This is a web crawler built with scrapy and designed to extract data from the SCP Wiki.
make install
Then to run all of the spiders and create a full data dump of the SCP Wiki and SCP International Hub in the data
directory:
make crawl
Individual spiders with custom settings can also be called using the scrapy
command line tool.
To show Available Spiders:
scrapy list
To crawl the International Hub for SCP Items and save to a custom location:
scrapy crawl scp_int -o scp_international_items.json
There are two types of content downloaded- SCP Items and SCP Tales.
All content (both SCP Items and Tales) contain the following:
- URL
- Title
- Rating
- Tags
- History- revision ID, date, author, and comment.
- Raw Content (the HTML for the story or item, without the site navigation and other boilerplate)
In addition the SCP Items include:
- SCP Identifier (ie, SCP-3000)
- SCP Number (if available)
- SCP Series
- 1-5 (with built in support for future published series)
- joke, explained, and decommissioned
- Generic International (from the main site)
- Specific Nationality Tag (from the international hub)
The crawler generates a series of json files containing an array of objects representing each crawled item.

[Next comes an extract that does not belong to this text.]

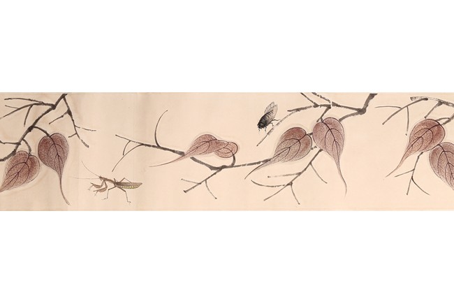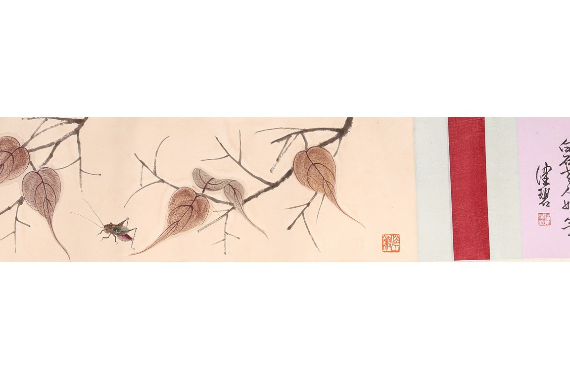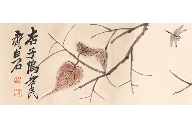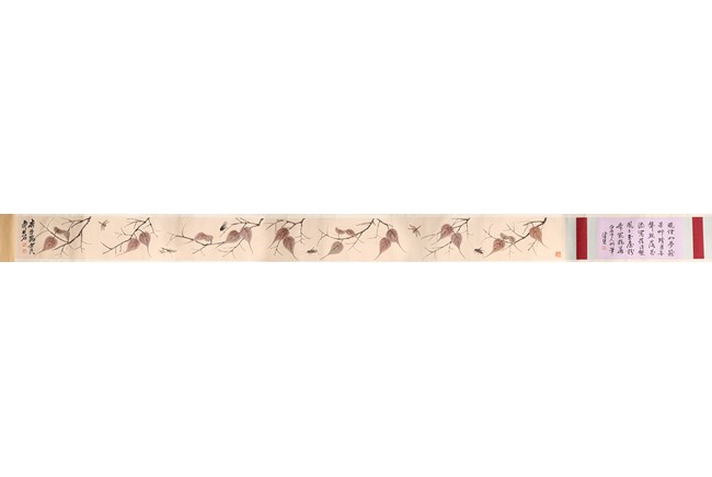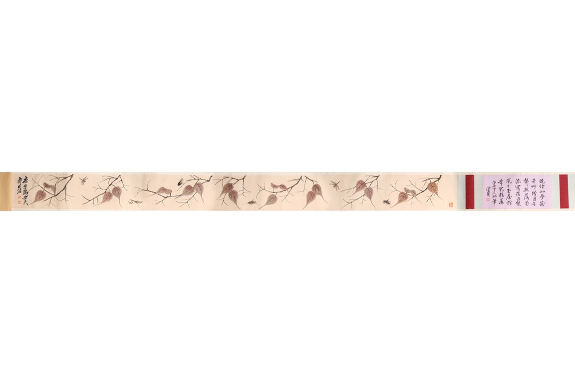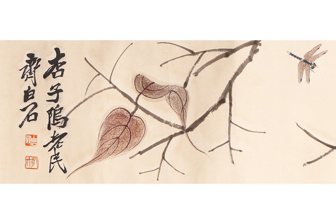 Color and ink on paper. Leaf and insect. Handscroll. Hanging scroll. Inscribed and signed, with four seal marks. Qi Baishi (1864-1957)
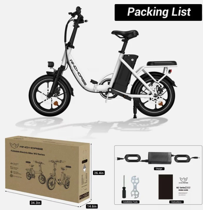 The Windhorse W2B Electric Bike is a compact, foldable, and budget-friendly e-bike designed for urban commuting, short-distance travel, and everyday convenience. With its lightweight frame and portable folding design, this bike is perfect for city riders who need a space-saving and efficient transportation solution.

File | Source | Type | Target |
---|---|---|---|
goi.json | Main | Tale | goi |
scp_items.json | Main | Item | scp |
scp_titles.json | Main | Title | scp |
scp_hubs.json | Main | Hub | scp |
scp_tales.json | Main | Tale | scp |
scp_int.json | International | Item | scp_int |
scp_int_titles.json | International | Title | scp_int |
scp_int_tales.json | International | Tale | scp_int |
Running make TARGET
(such as make goi
or make scp
) will generate the site specific files. Running make data
will fill in any missing files.
To regenerate all files run make fresh
.
The postproc system takes the Titles, Hubs, Items, and Tales and uses them to generate a comprehensive set of objects. It combines and cross references data and expands on the data already there.
Text content on the SCP Wikis is available under the CC BY-SA 3.0 license.
This project does not download images.